Altogether, the sector's tenants now occupy 13.5 million square feet in the central business district, according to research firm CBRE, which tracks the 30 largest U.S. markets.

...

Chicago is among the most popular markets for tech companies on the coasts looking to expand, according to CBRE.

..

San Francisco-based tech companies have added about 1.5 million square feet in Chicago, just behind Boston and Austin.

..

There are signs the growth may be cooling, however.
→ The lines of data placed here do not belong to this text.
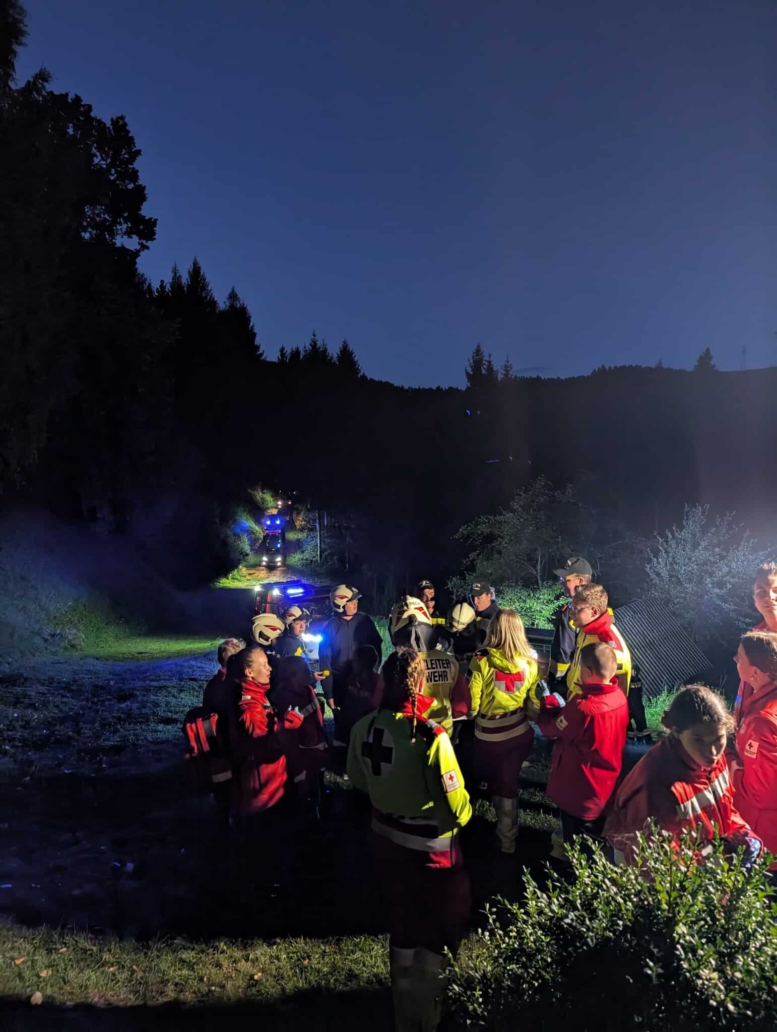 Gegen 22 Uhr wurde unsere Jugend dann vom Roten Kreuz als Unterstützung zum Retten von zwei Personen alarmiert. Da die Lichtverhältnisse sehr schlecht waren, wurde von unserer Jugend der „Einsatzort“ entsprechend mit mobilen Scheinwerfern ausgeleuchtet.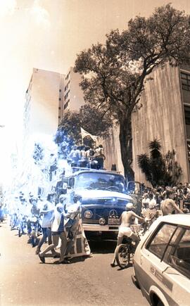 Na imagem, a delegação da Associação Desportiva da Unimep desfila pelas ruas de Piracicaba – mais precisamente na Rua Boa Morte, em um carro (caminhão) aberto do Corpo de Bombeiros.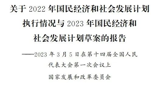 受國務(wù)院委托,現(xiàn)將2022年國民經(jīng)濟和社會發(fā)展計劃執(zhí)行 情況與2023年國民經(jīng)濟和社會發(fā)展計劃草案提請十四屆全國人 大一次會議審查,并請全國政協(xié)各位委員提出意見。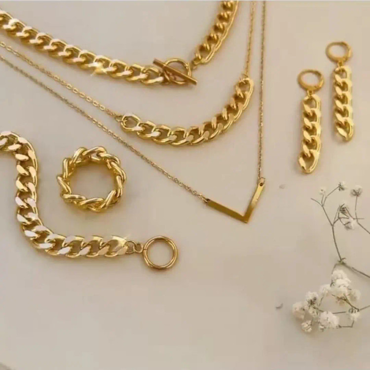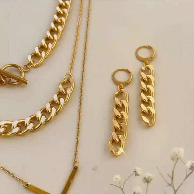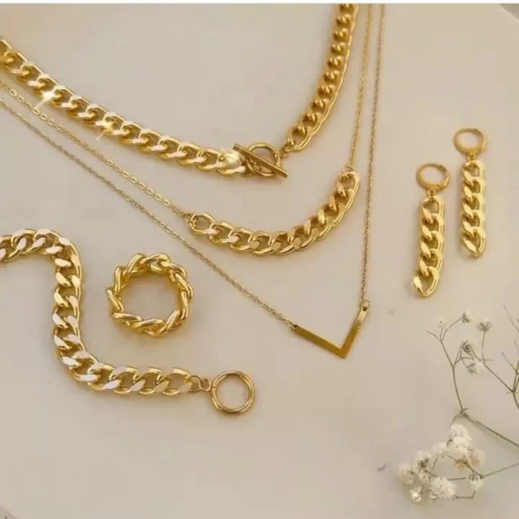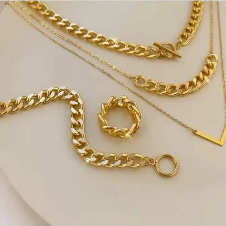 سرویس از دستبند و انگشتر و گوشواره و گردنبند سه ردیفه با پلاک 7 درست شده است که شامل زنجیر کارتیر استیل و زنجیر دیپلمات استیل و پلاک 7 استیل و گوشواره استیل و قفل تی و اتصالات استیل درست شده است. سرویس کاملا رنگ ثابت میباشد💯 مناسب جهت هدیه دادن به عزیزانتان 🎁 مناسب خانم ها و دختران شیک پوش و لاکچری و خاص پسند 🙋🏻♀️ مناسب کسانی که طرفدار زیورآلات کارتیر رنگ ثابت مشابه طلا هستن👌

The number of jobs at tech companies in Chicago increased 9.6 percent in 2016 and 2017, down from 22.1 percent growth in 2015 and 2014. It’s one of several markets to see such a slowdown.
I downloaded the report and it's pretty interesting. The slower growth rate is so so but I was surprised to learn that 9.6% was higher than Boston, DC, Dallas, Vancouver, Minneapolis, Philadelphia, etc.

CBRE put Chicago tech market office cycle right now in the maturization/stable category along with Los Angeles, Atlanta, Dallas, NYC, San Francisco, etc. They also named Milwaukee and Kansas City as 2 of a kind of next generation market for tech.

In terms of total jobs, they ranked Chicago 12th out of 30 with just over 70,000 jobs. Actually I was surprised to see Los Angeles ahead of Chicago by less than 10,000 jobs in this category. I thought it would be more than that. This number is ahead of the likes of Austin, Denver, Philadelphia, Vancouver, Baltimore, Minneapolis, Orange County (CA), Indianapolis, Portland, San Diego, Charlotte, etc However, it's behind the likes of Atlanta, Dallas, Montreal and the usual suspects like the Bay Area, DC, Seattle, Boston, and Toronto.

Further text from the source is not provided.